Problem requirements ->
What you write must match, character for character, the lines from the one with "OZ1000 / OZ2000" down to the one with "Ansicht auf diese exklusive Wohnanlage" in the listing below, minus its pictures.

Task data ->
==================================================
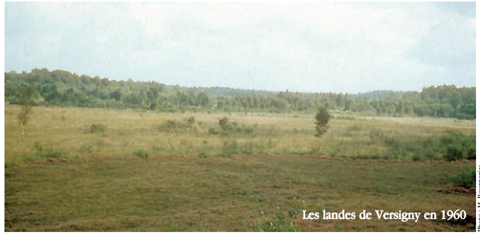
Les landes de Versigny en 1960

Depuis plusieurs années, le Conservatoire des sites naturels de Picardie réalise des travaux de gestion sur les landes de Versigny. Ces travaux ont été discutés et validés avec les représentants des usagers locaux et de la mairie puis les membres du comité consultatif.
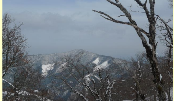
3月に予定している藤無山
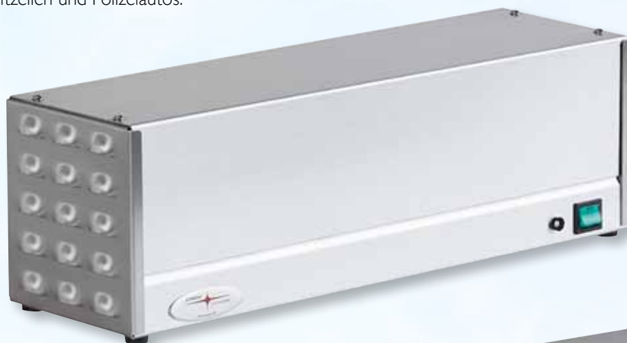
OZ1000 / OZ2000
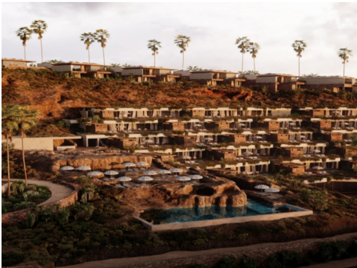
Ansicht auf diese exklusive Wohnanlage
==================================================
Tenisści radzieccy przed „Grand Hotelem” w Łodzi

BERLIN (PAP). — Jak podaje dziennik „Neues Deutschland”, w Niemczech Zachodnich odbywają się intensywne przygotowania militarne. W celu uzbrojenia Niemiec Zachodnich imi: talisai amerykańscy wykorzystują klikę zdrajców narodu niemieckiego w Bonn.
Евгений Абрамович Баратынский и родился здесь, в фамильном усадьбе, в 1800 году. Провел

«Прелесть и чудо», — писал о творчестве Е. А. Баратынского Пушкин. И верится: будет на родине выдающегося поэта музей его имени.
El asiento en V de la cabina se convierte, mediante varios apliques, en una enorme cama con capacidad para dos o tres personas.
==================================================
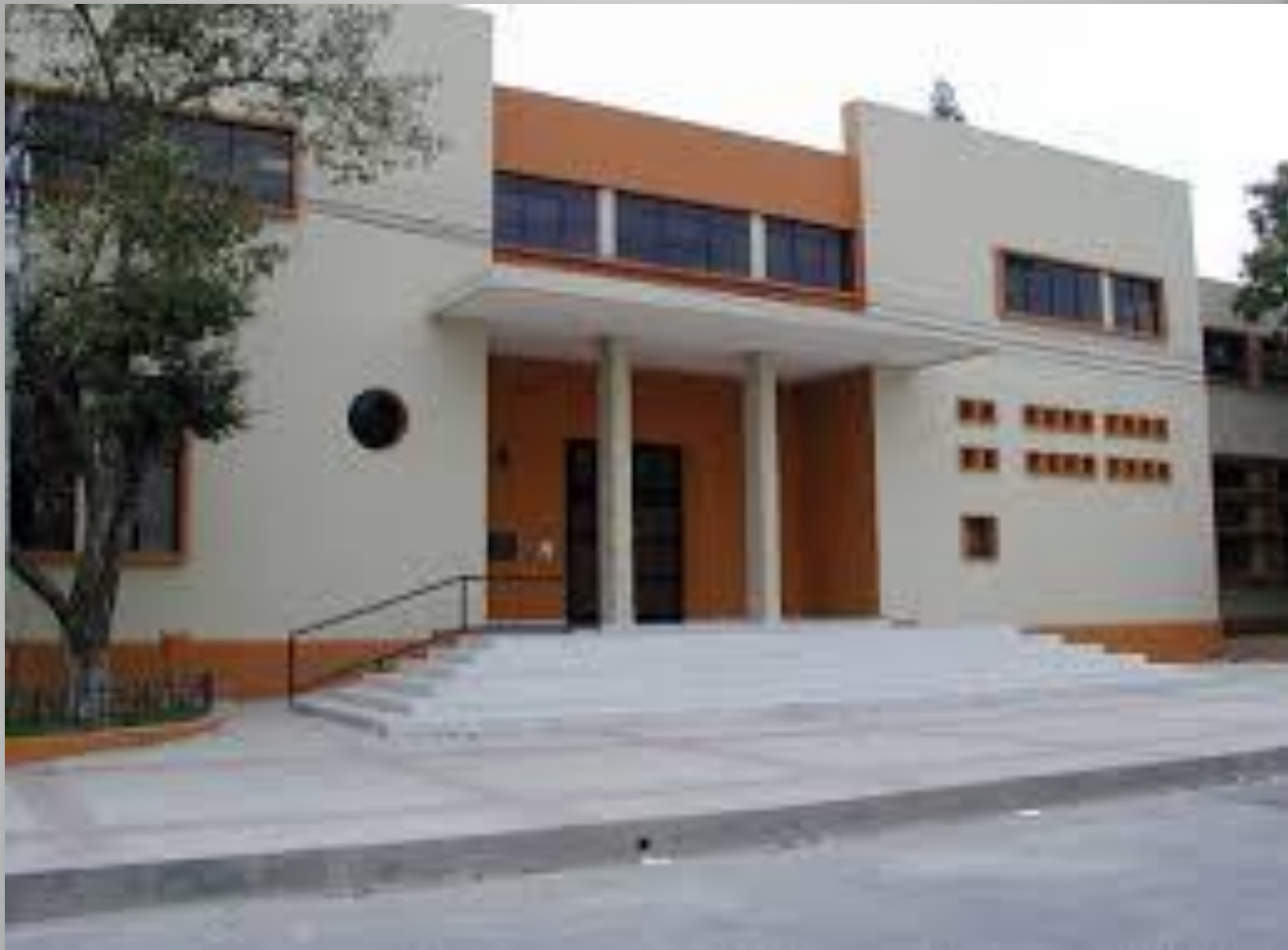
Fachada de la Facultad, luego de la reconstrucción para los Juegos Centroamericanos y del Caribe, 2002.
==================================================
Task solution ->
OZ1000 / OZ2000
Ansicht auf diese exklusive Wohnanlage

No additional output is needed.